Дыра славилась великим множеством развлечений, начиная от кафешек и ресторанов и заканчивая аквапарками и пляжами. Но чего в ней было еще больше, так это волшебства. Что, впрочем, неудивительно, если брать во внимание ее историю.
- В давние времена здесь было поселение шаманов, которые поклонялись богу Всякие-Проблемы-Решатусу, - вещала Виола, когда мы направлялись к площади, избрав в качестве транспорта собственные негнущиеся ноги. - Шаманы были довольно нечистоплотными, поэтому мусорили в своей деревне как только могли. Береста, банки, рваные лапти валялись на каждом углу. В один день мусора стало так много, что некоторые жители затерялись в нем, как в лесу. Тогда остальные пошли к богу и попросили его решить эту проблему. Уже на следующий день Всякие-Проблемы-Решатус создал около деревни бездонную яму, сказав, что шаманы могут выбросить в нее весь свой мусор. Так они и сделали. Однако один из них, по слухам самый глупый, кинул туда целый диван. Он застрял, тем самым образовав дно, и мусор перестал вмещаться. Просто достиг краев ямы и все. Шаманы решили, что Всякие-Проблемы-Решатус обманул их и пошли его убивать. Тот обиделся и навсегда покинул деревню. Шаманы сначала обрадовались, но скоро поняли, что самостоятельно не способны ничего решить и отправились на его поиски. На пути им повстречалось еще больше проблем. Тогда они уже не выдержали и решили совершить групповое самоубийство. То есть повеситься. Однако не смогли разобраться, как завязать узел на веревке и в отчаянии стали звать Всякие-Проблемы-Решатуса. Их крик разнесся по всему миру. Сам бог в то время делал педикюр. Он твердо решил, что отныне будет разбираться только в своих проблемах. Услышав голоса шаманов, Всякие-Проблемы-Решатус от неожиданности выронил пилочку для ногтей в море, над которым пролетал. Потеря вывела бога из себя. Он отыскал шаманов и обрушил на них свой гнев.

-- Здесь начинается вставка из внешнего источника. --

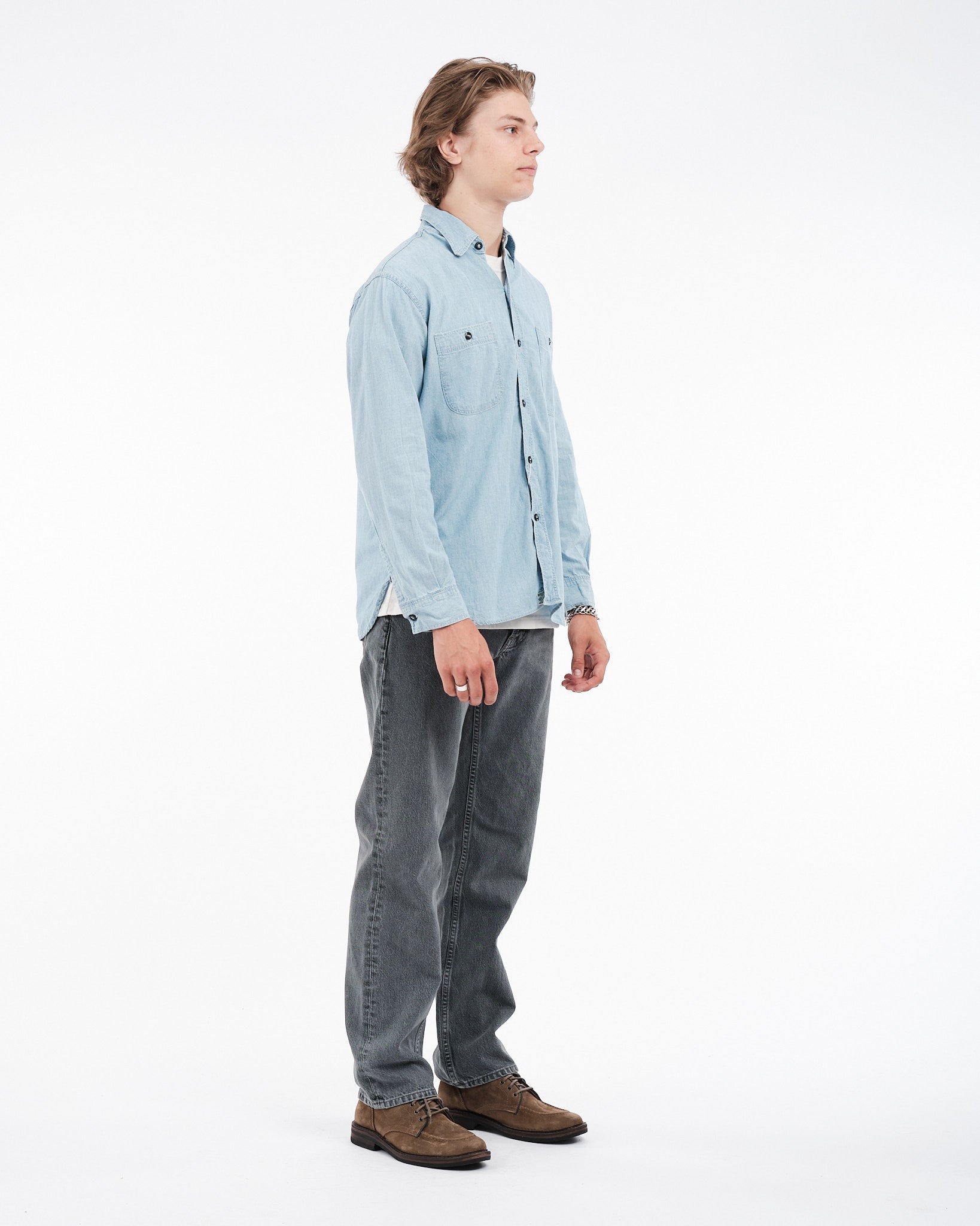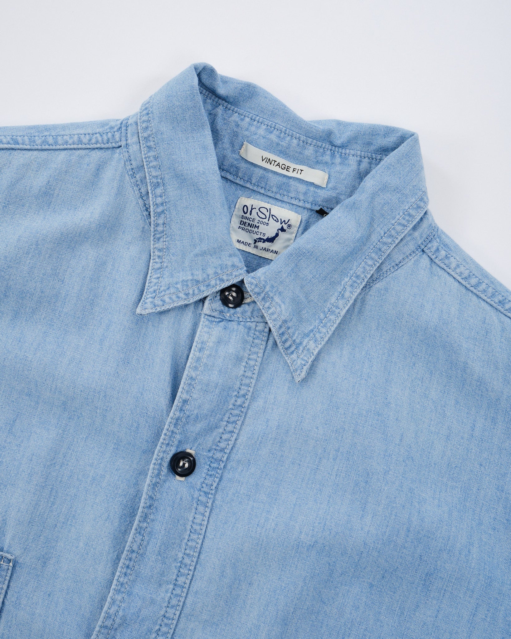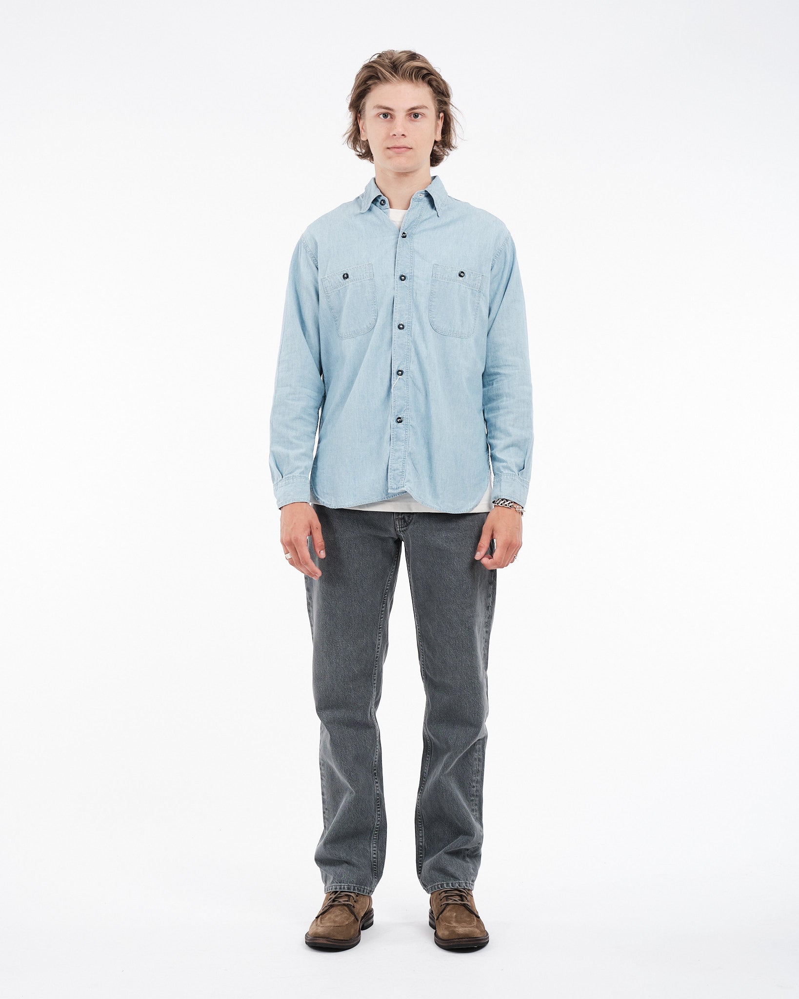 VINTAGE FIT CHAMBRAY WORK SHIRT USED WASH BLEACHED

- Каким образом? - уточнила я.
Виола улыбнулась:
- Подсказал им, как завязать узел.
Между нами троими повисла пауза, но скоро ее нарушил мой заливистый смех.
- Ну и фигня!- одной рукой я схватилась за живот, второй смахнула слезу. - Такое могли только в древности придумать. И что, на месте той бездонной ямы построили новую деревню под названием Дыра?
Виола кивнула, пробормотав:
- Если верить легенде, то бездонная яма находится прямо под площадью. Именно из-за нее в городе творится чертовщина. Вроде бы, она источает магическую энергию и этим завлекает всякого рода существ и колдунов.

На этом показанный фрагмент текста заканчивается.